*** Opening Given records ***
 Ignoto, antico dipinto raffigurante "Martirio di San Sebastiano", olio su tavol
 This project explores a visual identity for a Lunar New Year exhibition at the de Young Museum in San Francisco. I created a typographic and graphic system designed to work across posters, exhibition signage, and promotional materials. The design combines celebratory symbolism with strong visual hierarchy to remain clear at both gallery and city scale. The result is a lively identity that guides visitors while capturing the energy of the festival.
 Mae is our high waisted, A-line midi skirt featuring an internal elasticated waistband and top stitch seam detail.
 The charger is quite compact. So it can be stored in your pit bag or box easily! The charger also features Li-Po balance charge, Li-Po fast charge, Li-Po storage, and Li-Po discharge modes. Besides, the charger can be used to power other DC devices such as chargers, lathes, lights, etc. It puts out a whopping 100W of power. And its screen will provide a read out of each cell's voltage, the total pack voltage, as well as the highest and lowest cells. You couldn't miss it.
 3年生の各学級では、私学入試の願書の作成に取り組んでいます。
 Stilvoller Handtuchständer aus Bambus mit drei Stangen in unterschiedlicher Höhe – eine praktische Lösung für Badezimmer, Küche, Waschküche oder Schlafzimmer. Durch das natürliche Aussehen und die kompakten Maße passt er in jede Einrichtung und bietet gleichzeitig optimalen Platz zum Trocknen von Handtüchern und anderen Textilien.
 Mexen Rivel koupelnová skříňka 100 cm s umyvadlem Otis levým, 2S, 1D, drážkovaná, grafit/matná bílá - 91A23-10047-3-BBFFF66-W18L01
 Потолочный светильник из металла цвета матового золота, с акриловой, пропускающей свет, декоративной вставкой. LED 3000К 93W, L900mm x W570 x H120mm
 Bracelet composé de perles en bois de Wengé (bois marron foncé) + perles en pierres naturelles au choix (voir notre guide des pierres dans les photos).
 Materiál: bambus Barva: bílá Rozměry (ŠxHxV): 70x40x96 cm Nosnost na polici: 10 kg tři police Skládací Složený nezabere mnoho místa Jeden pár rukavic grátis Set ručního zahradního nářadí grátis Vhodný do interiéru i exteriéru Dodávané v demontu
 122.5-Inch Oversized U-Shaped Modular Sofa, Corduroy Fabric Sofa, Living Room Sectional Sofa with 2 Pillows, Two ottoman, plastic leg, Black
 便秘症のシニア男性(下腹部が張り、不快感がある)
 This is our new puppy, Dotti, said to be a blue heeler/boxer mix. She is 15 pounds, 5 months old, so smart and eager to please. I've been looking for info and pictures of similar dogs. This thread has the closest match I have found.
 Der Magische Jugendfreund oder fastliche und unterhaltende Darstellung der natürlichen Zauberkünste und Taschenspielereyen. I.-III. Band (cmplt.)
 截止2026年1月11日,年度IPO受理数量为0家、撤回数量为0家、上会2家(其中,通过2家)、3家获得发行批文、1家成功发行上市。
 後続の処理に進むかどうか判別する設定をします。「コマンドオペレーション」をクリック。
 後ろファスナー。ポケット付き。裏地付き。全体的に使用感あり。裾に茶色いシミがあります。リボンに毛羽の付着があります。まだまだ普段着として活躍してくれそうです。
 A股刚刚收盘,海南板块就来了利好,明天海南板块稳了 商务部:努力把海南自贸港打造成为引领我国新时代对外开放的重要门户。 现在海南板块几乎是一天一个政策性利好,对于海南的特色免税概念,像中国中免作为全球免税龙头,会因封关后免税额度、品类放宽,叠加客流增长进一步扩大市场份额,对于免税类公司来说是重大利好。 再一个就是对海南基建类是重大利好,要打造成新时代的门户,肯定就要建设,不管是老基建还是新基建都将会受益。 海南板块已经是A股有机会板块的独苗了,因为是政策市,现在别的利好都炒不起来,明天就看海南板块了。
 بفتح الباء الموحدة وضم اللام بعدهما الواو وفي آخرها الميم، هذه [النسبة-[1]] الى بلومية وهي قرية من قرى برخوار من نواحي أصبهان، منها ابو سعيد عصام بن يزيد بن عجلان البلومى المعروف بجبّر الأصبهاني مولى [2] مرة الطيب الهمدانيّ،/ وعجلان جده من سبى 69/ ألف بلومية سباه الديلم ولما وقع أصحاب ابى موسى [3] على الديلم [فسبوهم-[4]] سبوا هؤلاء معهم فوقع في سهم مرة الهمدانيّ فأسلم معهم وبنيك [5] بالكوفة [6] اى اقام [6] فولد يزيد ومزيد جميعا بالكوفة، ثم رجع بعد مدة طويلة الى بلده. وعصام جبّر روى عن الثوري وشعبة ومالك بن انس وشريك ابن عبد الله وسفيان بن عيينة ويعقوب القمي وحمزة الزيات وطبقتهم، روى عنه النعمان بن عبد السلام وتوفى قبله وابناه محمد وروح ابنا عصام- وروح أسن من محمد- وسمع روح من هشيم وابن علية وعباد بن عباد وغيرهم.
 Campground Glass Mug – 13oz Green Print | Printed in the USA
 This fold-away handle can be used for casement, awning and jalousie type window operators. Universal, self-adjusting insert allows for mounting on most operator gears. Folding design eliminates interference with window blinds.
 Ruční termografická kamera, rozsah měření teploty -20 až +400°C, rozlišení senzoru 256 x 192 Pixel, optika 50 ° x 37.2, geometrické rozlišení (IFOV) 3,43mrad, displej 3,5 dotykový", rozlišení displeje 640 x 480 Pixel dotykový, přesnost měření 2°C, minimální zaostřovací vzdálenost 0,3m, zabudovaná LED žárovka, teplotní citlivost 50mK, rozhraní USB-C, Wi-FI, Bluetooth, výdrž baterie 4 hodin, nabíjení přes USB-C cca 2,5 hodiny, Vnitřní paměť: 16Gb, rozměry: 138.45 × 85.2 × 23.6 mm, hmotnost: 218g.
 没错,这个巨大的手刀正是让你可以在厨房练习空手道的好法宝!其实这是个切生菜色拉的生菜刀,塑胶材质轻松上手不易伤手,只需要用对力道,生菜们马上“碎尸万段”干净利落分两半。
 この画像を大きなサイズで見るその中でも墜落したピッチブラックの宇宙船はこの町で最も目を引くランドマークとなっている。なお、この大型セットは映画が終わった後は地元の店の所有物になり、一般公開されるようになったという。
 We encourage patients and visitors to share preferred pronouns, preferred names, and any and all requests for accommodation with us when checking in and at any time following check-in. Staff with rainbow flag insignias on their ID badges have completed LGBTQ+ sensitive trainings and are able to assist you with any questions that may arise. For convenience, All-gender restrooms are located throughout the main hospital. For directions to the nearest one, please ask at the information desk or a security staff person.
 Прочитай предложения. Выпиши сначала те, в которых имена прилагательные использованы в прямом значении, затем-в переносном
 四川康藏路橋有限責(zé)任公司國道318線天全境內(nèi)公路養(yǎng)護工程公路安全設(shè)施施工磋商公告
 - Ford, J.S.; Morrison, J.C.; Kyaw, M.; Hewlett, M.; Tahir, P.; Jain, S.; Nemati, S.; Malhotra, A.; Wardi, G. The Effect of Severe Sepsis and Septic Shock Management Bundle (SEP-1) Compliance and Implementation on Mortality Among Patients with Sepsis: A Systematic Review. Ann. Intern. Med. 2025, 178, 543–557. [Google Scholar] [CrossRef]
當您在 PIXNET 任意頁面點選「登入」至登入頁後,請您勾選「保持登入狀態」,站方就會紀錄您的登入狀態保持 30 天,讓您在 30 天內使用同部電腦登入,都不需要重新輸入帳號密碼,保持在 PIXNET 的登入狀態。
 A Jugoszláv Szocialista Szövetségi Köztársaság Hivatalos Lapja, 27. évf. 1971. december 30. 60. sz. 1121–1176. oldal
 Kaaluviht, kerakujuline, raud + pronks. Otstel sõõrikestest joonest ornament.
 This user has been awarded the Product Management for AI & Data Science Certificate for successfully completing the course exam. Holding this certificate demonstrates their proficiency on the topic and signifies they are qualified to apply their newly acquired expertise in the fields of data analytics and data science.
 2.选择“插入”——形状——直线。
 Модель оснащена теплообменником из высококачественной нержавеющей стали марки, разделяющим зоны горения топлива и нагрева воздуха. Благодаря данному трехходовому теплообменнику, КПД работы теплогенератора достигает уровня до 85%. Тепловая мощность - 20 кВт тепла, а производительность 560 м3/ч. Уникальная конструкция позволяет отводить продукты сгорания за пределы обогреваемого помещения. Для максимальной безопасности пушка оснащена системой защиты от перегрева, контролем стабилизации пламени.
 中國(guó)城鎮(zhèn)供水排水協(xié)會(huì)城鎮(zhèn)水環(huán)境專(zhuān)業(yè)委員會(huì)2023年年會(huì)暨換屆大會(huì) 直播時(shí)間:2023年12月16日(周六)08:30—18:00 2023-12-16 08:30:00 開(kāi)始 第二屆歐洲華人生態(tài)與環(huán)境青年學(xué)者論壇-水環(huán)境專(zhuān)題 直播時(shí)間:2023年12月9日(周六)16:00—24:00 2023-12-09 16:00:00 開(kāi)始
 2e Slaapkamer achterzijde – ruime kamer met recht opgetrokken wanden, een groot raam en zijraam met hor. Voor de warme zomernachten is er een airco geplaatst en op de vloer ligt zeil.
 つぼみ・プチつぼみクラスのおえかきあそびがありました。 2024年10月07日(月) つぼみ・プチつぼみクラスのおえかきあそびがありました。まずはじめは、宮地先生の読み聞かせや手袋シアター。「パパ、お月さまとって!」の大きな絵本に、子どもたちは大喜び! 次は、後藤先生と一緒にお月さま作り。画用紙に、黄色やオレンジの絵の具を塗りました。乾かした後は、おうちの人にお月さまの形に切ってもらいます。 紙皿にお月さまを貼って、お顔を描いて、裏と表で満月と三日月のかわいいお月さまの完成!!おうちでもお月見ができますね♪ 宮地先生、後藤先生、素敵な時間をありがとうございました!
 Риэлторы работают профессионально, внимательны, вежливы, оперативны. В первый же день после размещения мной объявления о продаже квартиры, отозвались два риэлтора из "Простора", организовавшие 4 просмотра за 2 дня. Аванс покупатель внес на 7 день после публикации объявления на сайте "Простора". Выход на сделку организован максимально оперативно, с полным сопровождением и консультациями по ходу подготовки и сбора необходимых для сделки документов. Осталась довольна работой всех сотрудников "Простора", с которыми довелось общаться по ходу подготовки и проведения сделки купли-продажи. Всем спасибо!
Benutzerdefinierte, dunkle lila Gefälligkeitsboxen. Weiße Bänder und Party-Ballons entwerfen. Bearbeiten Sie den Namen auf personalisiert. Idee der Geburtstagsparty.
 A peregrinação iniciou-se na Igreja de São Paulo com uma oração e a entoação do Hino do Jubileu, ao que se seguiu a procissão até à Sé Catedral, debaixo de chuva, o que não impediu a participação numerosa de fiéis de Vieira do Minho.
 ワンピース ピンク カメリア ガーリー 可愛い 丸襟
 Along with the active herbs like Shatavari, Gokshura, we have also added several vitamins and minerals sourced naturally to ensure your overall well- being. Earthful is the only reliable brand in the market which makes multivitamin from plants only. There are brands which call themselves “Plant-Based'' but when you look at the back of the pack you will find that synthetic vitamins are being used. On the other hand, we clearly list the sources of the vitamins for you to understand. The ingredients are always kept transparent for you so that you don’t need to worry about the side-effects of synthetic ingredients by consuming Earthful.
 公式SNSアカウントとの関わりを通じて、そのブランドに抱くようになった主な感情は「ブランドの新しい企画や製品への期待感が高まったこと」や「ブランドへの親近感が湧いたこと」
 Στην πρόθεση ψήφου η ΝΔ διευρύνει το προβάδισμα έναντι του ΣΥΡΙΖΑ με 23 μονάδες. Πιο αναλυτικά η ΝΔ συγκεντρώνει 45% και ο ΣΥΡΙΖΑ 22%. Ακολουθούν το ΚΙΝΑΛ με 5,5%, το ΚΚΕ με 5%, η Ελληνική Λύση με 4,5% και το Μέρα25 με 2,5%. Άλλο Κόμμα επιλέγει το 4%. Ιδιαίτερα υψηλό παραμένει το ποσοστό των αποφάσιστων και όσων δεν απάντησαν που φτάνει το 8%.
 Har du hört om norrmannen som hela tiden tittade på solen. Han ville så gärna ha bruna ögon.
*** Closing Given records ***
=== Your task ===
Wherever a line in the entries above holds "oder", copy that line.

=== Task response ===
 Stilvoller Handtuchständer aus Bambus mit drei Stangen in unterschiedlicher Höhe – eine praktische Lösung für Badezimmer, Küche, Waschküche oder Schlafzimmer. Durch das natürliche Aussehen und die kompakten Maße passt er in jede Einrichtung und bietet gleichzeitig optimalen Platz zum Trocknen von Handtüchern und anderen Textilien.
 Der Magische Jugendfreund oder fastliche und unterhaltende Darstellung der natürlichen Zauberkünste und Taschenspielereyen. I.-III. Band (cmplt.)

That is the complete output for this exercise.